Only the lines in the entries below from the line with "Foto: kogukonna päikesepark" to the line with "强力推进创卫工作,做到人员到", both included, belong in the answer, transcribed exactly and without pictures.
======== INFORMATION SUPPLIED ========
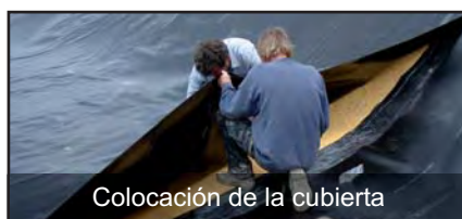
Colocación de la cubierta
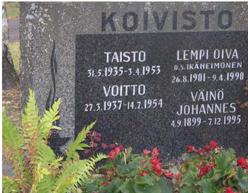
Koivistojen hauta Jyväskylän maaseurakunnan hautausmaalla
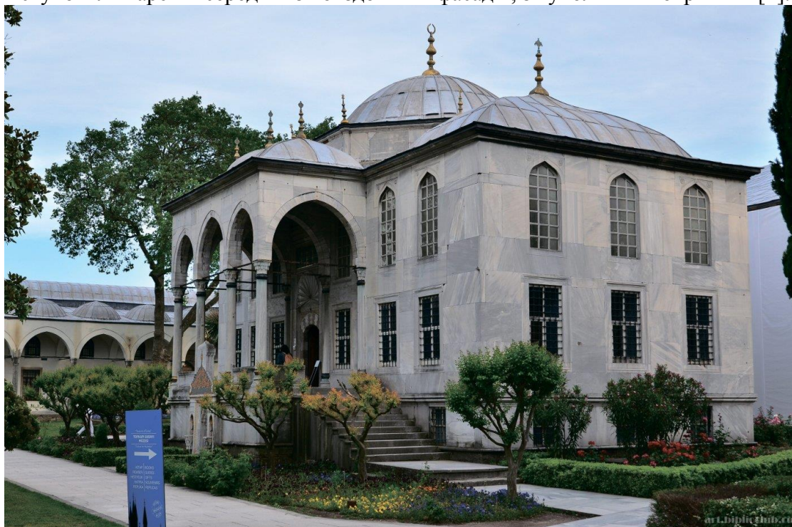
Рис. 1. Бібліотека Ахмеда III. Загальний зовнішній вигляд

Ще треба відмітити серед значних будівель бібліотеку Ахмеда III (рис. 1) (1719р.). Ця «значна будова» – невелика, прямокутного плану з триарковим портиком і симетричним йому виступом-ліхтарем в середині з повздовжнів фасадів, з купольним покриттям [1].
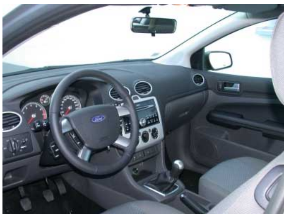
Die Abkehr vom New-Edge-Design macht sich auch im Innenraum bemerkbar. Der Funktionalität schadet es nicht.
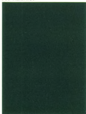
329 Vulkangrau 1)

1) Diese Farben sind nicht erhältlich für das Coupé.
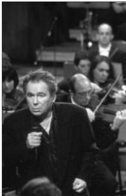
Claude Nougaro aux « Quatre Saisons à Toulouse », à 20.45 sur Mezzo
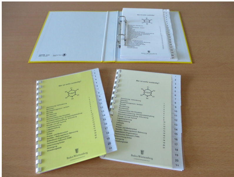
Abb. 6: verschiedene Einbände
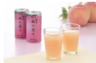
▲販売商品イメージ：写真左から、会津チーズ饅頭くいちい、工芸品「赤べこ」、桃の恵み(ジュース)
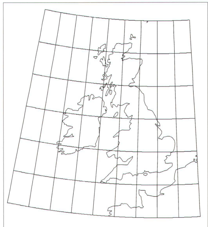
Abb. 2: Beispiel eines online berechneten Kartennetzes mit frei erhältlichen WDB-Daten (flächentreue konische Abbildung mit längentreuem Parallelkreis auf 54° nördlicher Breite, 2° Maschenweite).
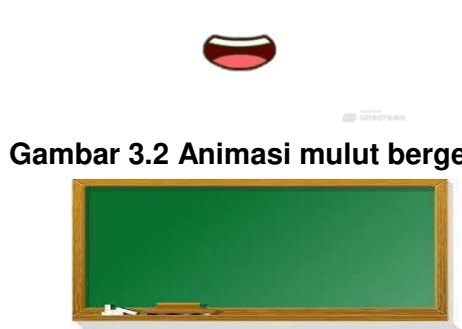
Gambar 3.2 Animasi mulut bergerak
========
======== INFORMATION SUPPLIED ========
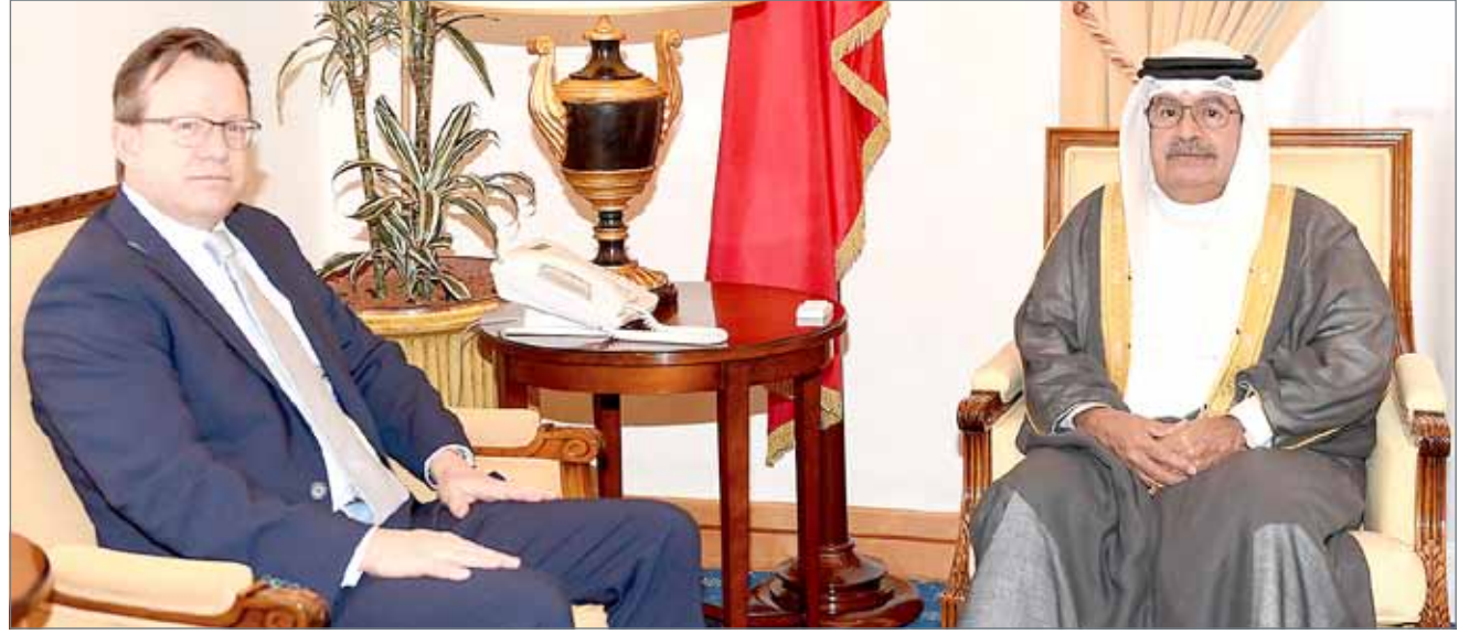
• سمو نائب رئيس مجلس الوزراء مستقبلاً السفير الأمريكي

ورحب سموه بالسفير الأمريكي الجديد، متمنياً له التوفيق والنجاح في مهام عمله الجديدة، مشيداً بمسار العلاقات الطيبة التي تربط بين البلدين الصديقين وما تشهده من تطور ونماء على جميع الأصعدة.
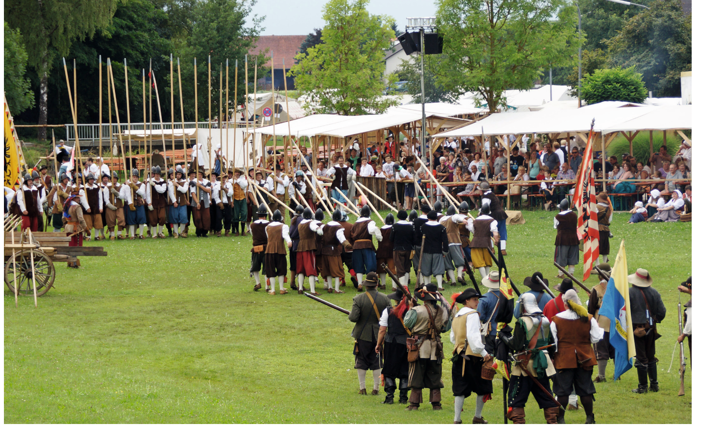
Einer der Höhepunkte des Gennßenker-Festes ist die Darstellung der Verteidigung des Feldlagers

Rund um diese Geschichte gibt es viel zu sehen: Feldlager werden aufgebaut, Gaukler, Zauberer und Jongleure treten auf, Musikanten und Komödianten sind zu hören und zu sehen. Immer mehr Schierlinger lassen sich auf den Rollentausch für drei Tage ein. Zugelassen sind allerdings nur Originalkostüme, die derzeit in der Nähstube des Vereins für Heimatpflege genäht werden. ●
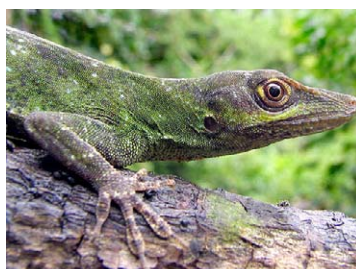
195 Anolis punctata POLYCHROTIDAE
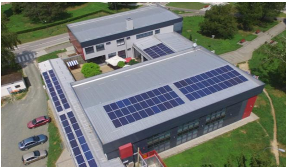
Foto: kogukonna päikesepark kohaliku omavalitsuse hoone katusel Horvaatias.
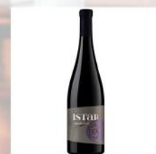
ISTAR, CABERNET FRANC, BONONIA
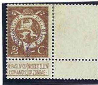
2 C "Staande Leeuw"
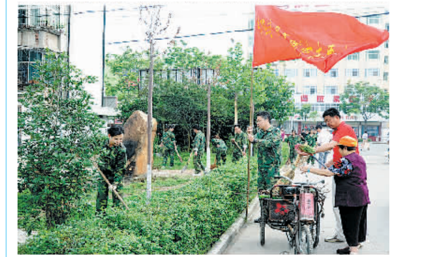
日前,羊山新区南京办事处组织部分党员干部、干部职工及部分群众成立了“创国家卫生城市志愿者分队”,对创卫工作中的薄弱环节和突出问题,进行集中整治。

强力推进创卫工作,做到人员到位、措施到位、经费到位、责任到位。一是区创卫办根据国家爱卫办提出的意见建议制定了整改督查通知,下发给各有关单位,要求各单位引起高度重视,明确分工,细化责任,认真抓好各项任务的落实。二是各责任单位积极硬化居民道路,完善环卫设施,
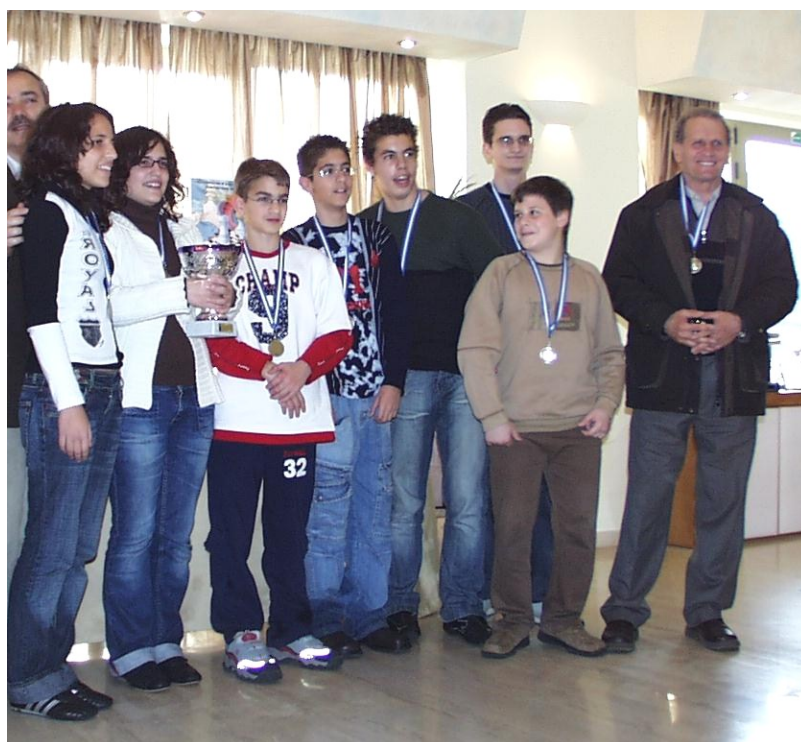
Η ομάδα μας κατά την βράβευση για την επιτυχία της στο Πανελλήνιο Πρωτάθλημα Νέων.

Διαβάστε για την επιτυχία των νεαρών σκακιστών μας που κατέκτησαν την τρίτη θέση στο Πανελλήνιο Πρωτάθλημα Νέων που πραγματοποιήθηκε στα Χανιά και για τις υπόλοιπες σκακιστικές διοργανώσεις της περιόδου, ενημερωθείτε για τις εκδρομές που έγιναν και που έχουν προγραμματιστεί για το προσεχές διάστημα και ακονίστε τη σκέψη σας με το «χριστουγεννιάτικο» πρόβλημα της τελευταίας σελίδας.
========
======== INFORMATION SUPPLIED ========
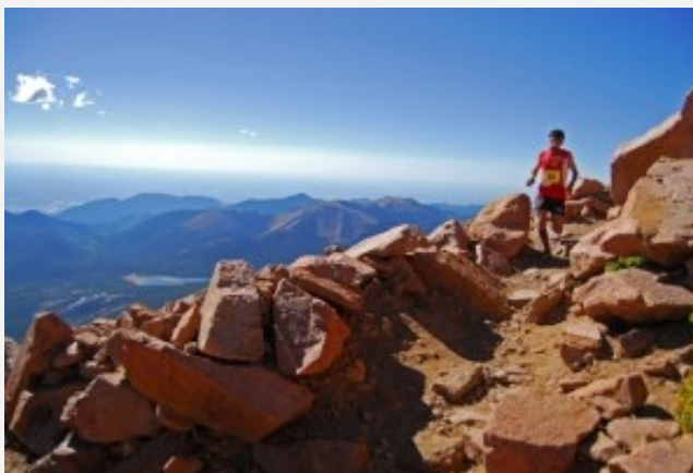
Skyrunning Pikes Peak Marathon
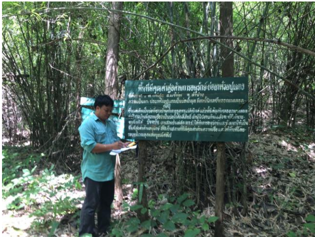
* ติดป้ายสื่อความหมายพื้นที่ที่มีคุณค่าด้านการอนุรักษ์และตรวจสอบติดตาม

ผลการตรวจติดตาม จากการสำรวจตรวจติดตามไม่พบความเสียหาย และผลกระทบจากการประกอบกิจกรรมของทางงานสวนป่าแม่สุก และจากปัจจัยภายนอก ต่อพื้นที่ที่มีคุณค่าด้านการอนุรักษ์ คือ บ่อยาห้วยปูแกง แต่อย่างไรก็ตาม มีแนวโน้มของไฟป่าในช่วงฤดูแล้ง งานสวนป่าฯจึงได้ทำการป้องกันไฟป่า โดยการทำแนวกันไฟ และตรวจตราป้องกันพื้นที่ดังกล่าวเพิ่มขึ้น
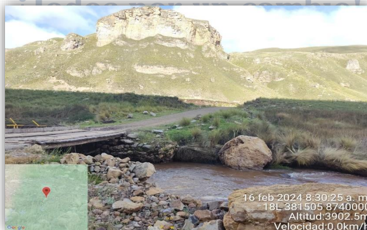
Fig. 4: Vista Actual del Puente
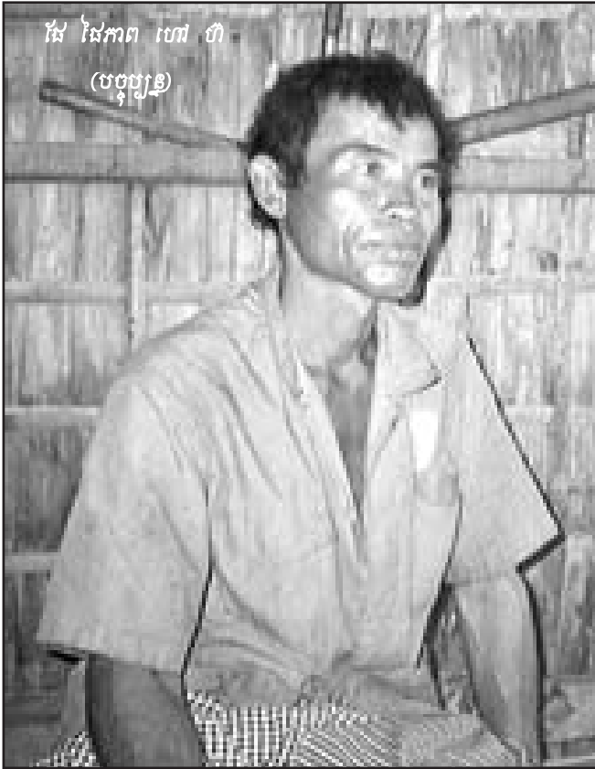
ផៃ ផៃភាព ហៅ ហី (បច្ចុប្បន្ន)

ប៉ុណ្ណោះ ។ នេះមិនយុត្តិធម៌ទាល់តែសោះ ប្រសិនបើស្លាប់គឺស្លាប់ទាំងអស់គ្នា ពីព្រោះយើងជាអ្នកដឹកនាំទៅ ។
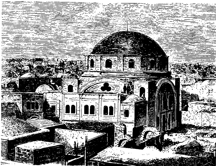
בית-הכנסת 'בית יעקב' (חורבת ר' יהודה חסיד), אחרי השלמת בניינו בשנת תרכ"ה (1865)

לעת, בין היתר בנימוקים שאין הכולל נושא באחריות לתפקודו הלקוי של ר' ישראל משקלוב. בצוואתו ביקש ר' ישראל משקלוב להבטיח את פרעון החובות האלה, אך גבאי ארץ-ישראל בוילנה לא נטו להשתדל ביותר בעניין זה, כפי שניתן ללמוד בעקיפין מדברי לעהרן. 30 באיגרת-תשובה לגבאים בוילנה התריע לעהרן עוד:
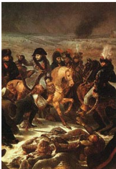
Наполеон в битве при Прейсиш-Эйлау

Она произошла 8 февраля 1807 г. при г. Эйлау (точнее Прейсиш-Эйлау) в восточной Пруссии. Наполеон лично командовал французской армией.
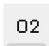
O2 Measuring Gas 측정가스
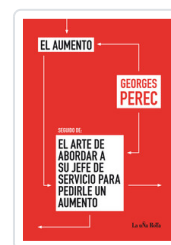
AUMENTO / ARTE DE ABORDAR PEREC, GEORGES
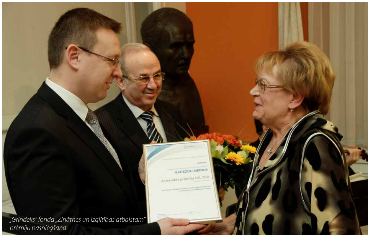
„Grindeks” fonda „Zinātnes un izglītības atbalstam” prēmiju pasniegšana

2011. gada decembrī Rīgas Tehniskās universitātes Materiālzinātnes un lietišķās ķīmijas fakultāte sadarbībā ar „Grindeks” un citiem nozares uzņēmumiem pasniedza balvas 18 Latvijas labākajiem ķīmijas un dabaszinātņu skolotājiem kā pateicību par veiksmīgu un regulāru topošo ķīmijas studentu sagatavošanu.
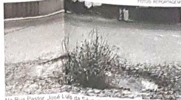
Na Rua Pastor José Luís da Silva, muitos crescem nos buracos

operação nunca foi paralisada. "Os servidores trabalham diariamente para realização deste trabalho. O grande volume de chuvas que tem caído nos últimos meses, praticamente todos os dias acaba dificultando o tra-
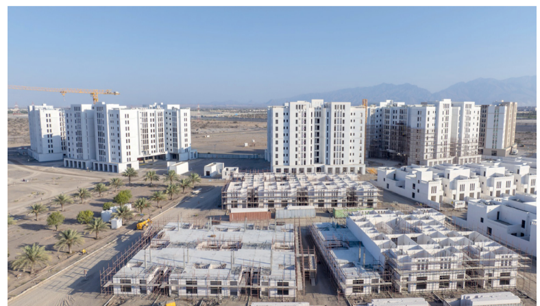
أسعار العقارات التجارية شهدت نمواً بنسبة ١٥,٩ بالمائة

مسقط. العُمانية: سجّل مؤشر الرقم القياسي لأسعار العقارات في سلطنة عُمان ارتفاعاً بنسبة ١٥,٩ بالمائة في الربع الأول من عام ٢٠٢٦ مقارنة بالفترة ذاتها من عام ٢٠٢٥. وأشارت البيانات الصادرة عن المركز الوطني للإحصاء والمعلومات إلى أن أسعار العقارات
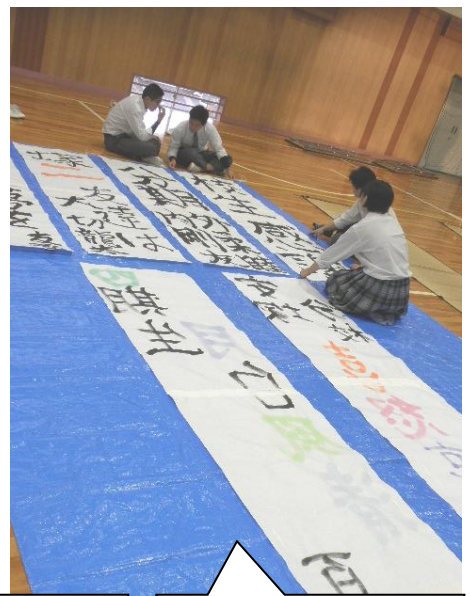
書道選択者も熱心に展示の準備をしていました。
========
- EXERCISE RESULT -
Foto: kogukonna päikesepark kohaliku omavalitsuse hoone katusel Horvaatias.
ISTAR, CABERNET FRANC, BONONIA
2 C "Staande Leeuw"
日前,羊山新区南京办事处组织部分党员干部、干部职工及部分群众成立了“创国家卫生城市志愿者分队”,对创卫工作中的薄弱环节和突出问题,进行集中整治。

强力推进创卫工作,做到人员到位、措施到位、经费到位、责任到位。一是区创卫办根据国家爱卫办提出的意见建议制定了整改督查通知,下发给各有关单位,要求各单位引起高度重视,明确分工,细化责任,认真抓好各项任务的落实。二是各责任单位积极硬化居民道路,完善环卫设施,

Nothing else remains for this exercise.